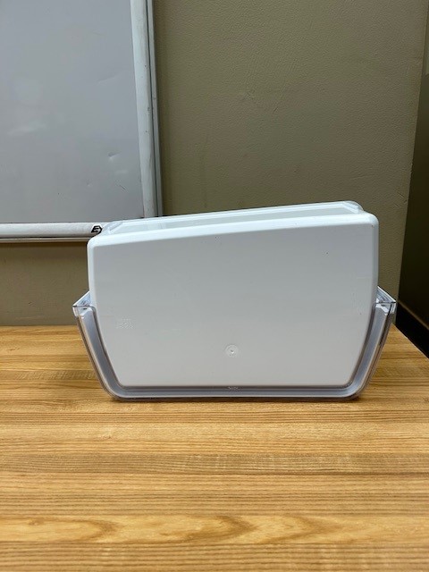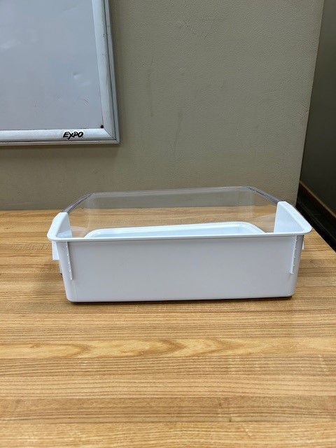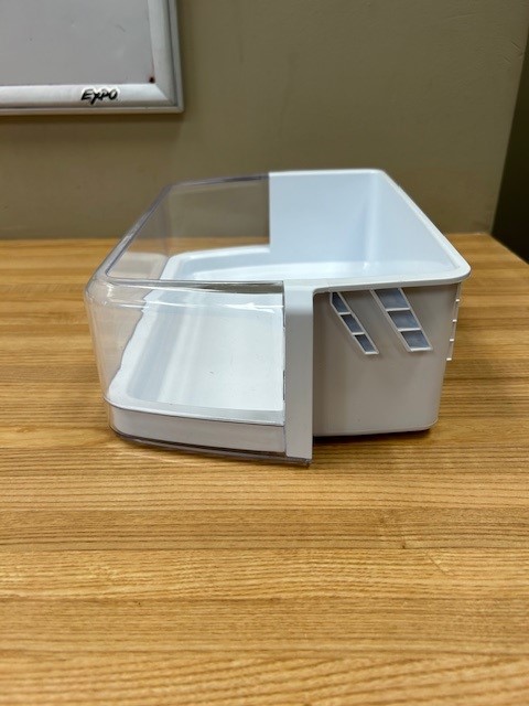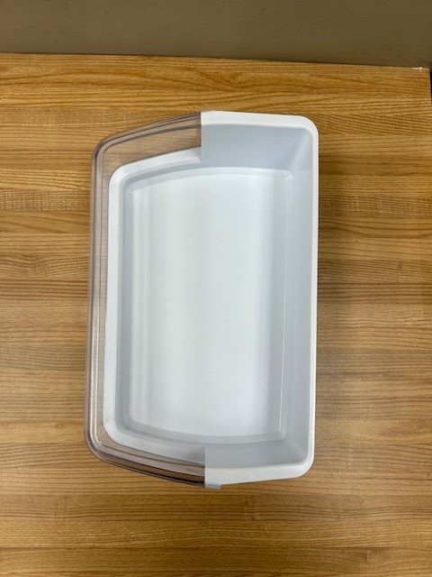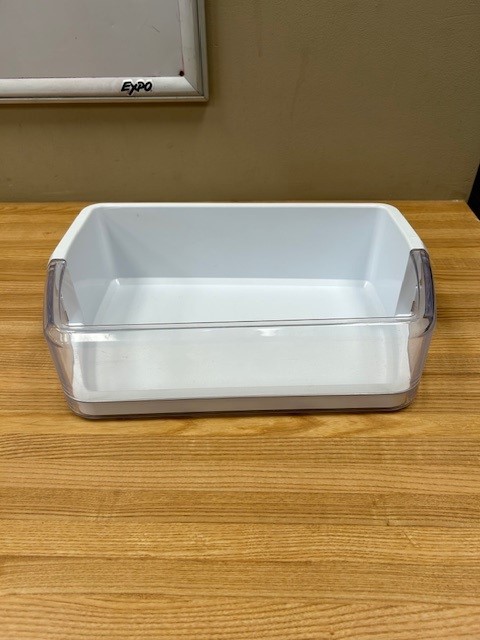 Description: Refrigerator Large Door Bin. White in color with Clear Front. Door bin found in a French door fridge on the Left Hand door.
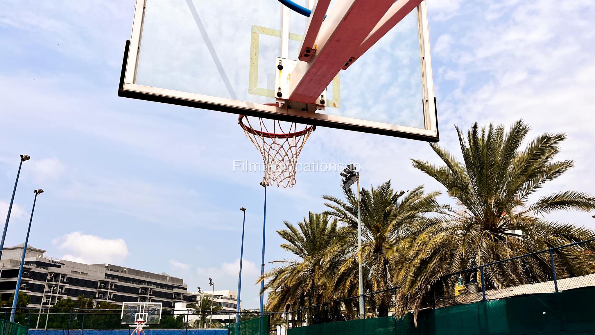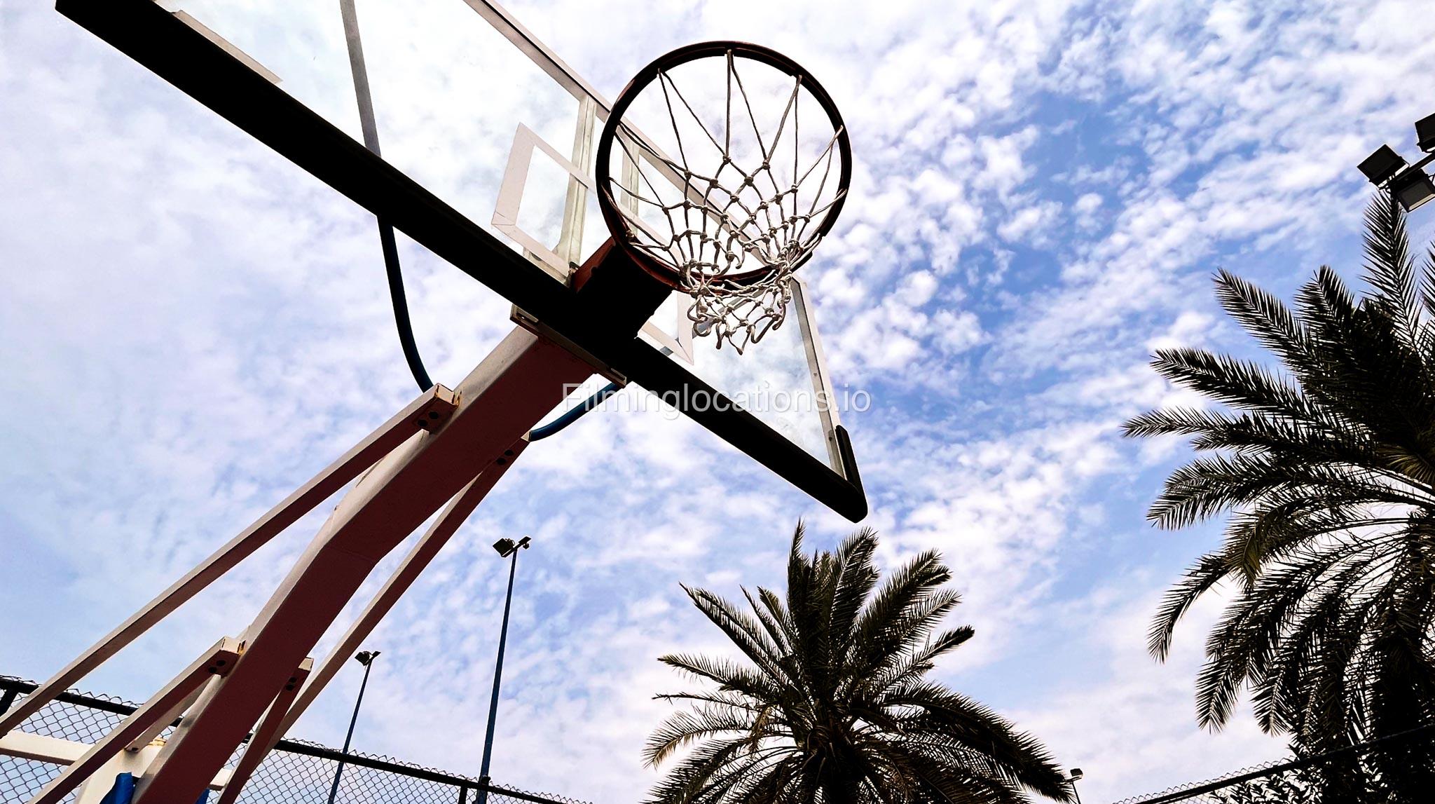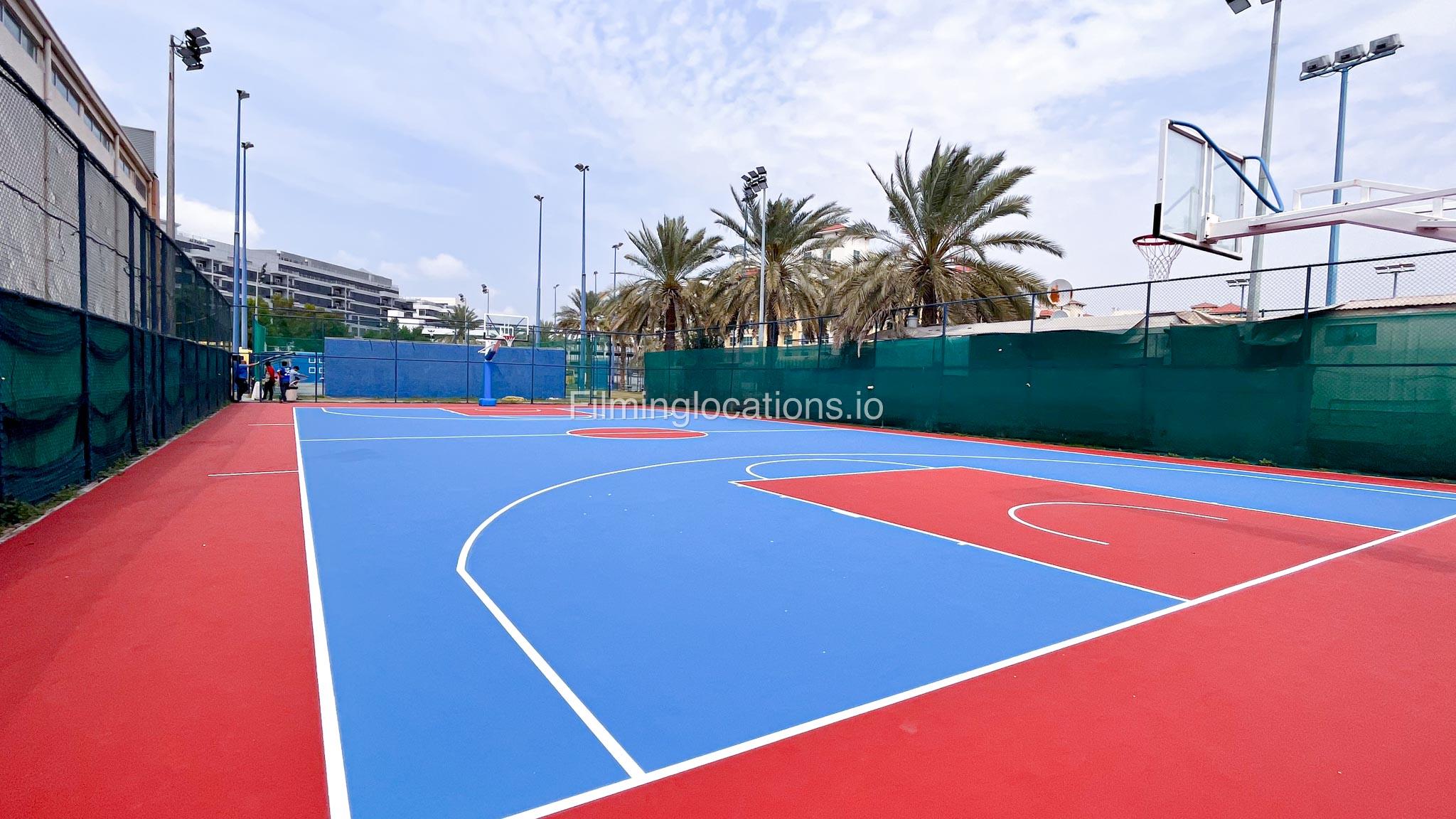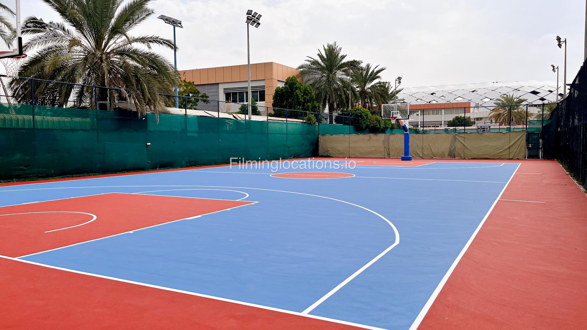 A vast basketball court offers wide space that can accommodate a significant number of people, making it an ideal location for filming.
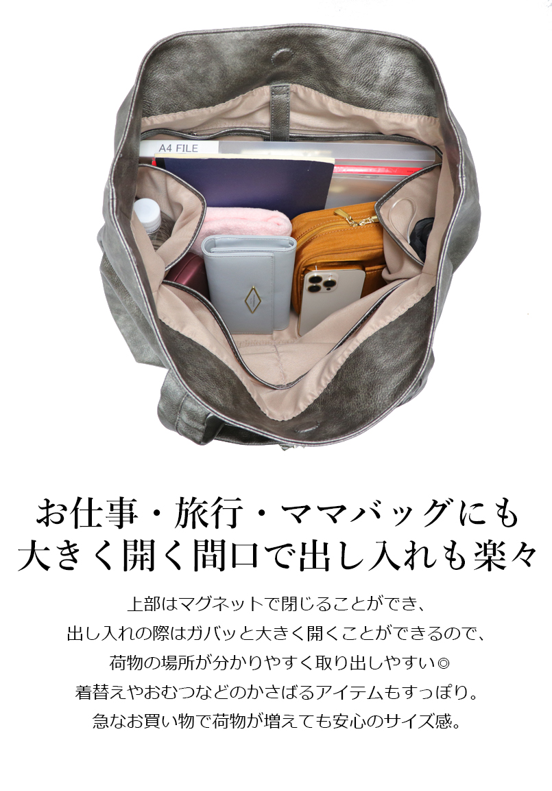 しっかり収納できる大容量デザインなので、デイリー・旅行・お仕事でも、荷物が多い日に安心の収納力。
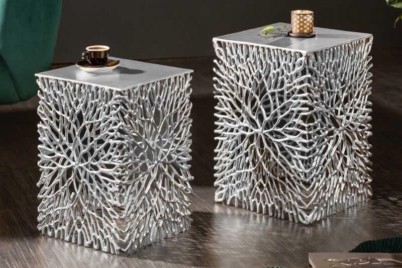 Dit sieraad zal een echte blikvanger zijn in uw sfeer. De bijzettafels in verschillende maten in een set van 2 bestaan volledig uit een oppervlak dat doet denken aan de fijne structuur van een blad. De talloze fijne takken creëren een lichaam dat dankzij de vele uitsparingen licht en delicaat oogt. Elke bijzettafel wordt met de hand in elkaar gezet en is een prachtig uniek stuk dat een elegante flair en een vleugje extravagantie uitstraalt.

ASSIGNED TASK: For this exercise, transcribe exactly only the lines from the one containing "しっかり収納できる大容量デザ" through the end of the listing, inclusive, without the pictures.

ANSWER:
 しっかり収納できる大容量デザインなので、デイリー・旅行・お仕事でも、荷物が多い日に安心の収納力。
 Dit sieraad zal een echte blikvanger zijn in uw sfeer. De bijzettafels in verschillende maten in een set van 2 bestaan volledig uit een oppervlak dat doet denken aan de fijne structuur van een blad. De talloze fijne takken creëren een lichaam dat dankzij de vele uitsparingen licht en delicaat oogt. Elke bijzettafel wordt met de hand in elkaar gezet en is een prachtig uniek stuk dat een elegante flair en een vleugje extravagantie uitstraalt.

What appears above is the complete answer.